Member of Karnataka Legislative Council
- Incumbent
- Assumed office June 2012

President of FIBA Asia

Personal details
- Born: 1 September 1959 (age 65) Bengaluru
- Political party: Indian National Congress

= K. Govindaraj =

Indian politician

Kempa Govindaraj is a politician and sports administrator from Karnataka, India. He is a member of the Karnataka Legislative Council, representing the Indian National Congress.

== Early life ==
Govindaraj hails from Bangalore. He played sports during his college days. He is a post graduate in political science and also did a diploma in public relations.

== Political career ==
Govindaraj began his political journey in 1999 contesting the Shivajinagar Assembly constituency as a candidate of the Indian National Congress. He lost the 1999 Karnataka Legislative Assembly Election losing to Katta Subramanya Naidu of BJP by a margin of 10,553 votes. He was first elected to the Legislative Assembly constituency in 2012. He served as the parliamentary secretary to the Chief Minister of Karnataka Siddaramaiah from 2015 to 2018. He is also the political secretary of Chief Minister Siddaramaiah again during the Congress government from 2023. He also held the position as Syndicate Member, Kuvempu University and government nominee on the board of directors of Bangalore Water Supply Sewage Board (BWSSB). In the late nineties, he served as an Officer on Special Duty in the Legislative Council for chairman D. B. Kalmakar. In February 2017, Income Tax department held a raid at his residence. He is reportedly close to the Congress Party leaders and is said to be one of the party's fund raisers.

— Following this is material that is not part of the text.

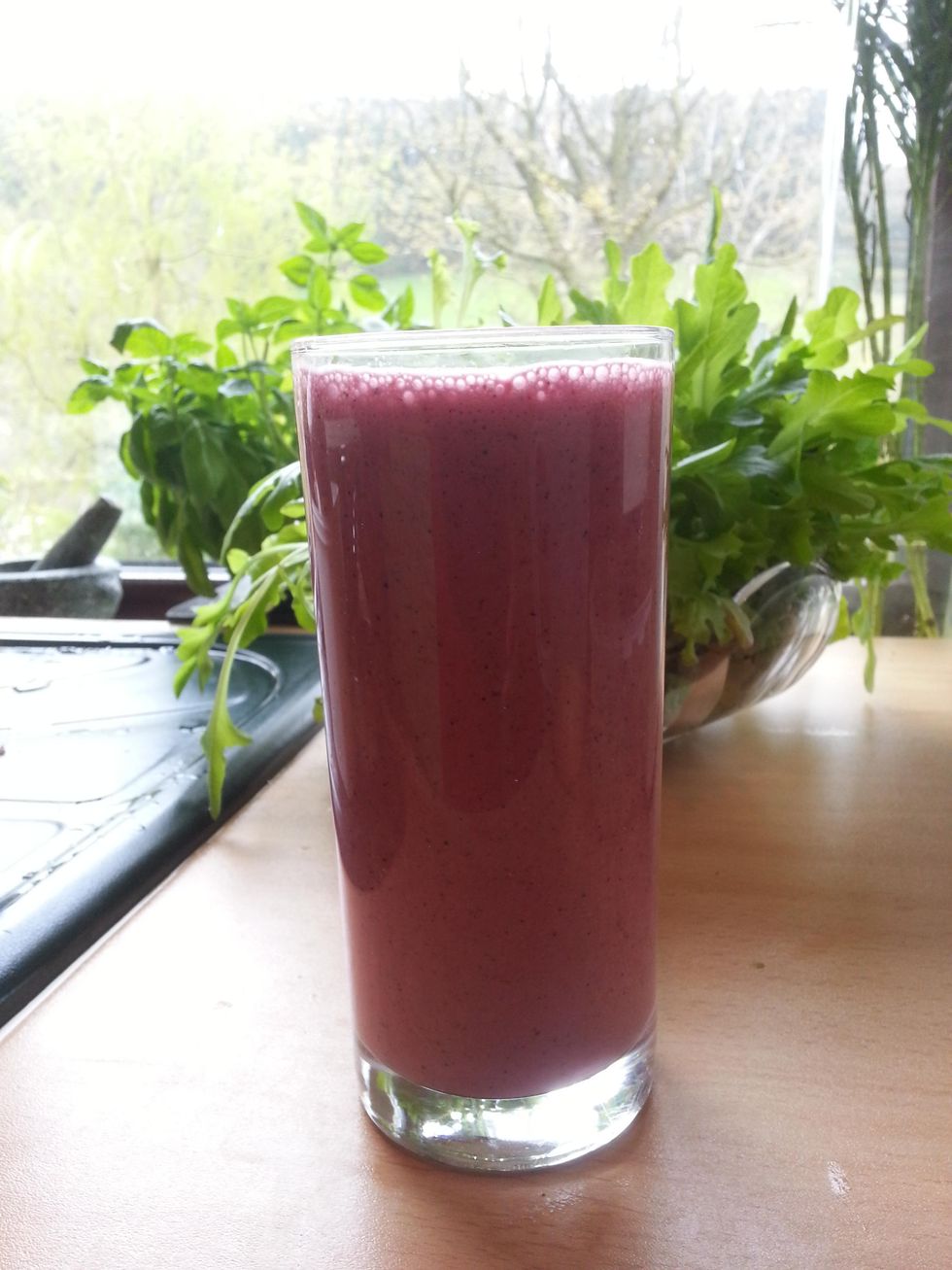 Voila! Delicious and creamy non-dairy Super Berry Smoothie. A great breakfast or snack drink. **Add a handful of almonds or a bit of chia seeds if you want to make the drink more protein rich.
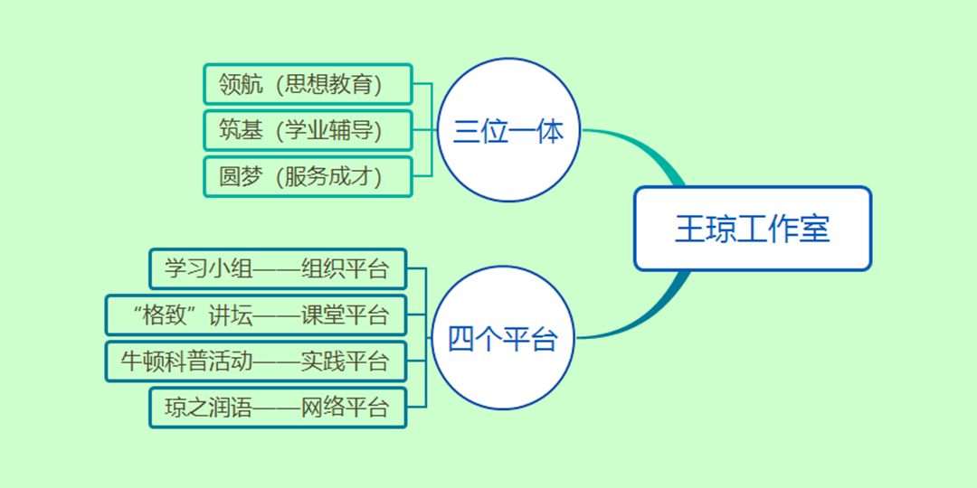 王琼工作室是学校首批成立的三个辅导员名师(培育)工作室之一,即"大一新生教育工作室"。旨在帮助青年学生扣好人生第一粒扣子,激发青年学生求学初心,帮助学生找准人生航向,促进青年成长成才。经过两年多的运行,目前已经形成三位一体的工作格局,依托四个平台,打造立体的大一新生教育工作模式。下一步,工作室将进一步加强自身建设,注意把握当代大学生的思想特点,适应时代的新形势新变化,扎实做好工作室的建设工作。

== Career as sports administrator ==
Govindaraj is also serving as the as president of FIBA Asia from 2023 to 2027 on a rotation basis as a nominee of South Asian Basketball Association. Earlier, he also held the post of the president of the Basketball Federation of India from 2023 to 2024 and the Karnataka Olympic Association. The other roles he held as sports administrator include secretary, Karnataka State Basketball Association and member of Sports Authority of Karnataka. He was the selection committee member for Indian basketball teams during 2000 to 2007.

== Awards ==
- Karnataka State Dasara awardee for the best sports promoter in the year 1993.
- Indira Priyadarshini award for outstanding contribution to social service and sports, 2006.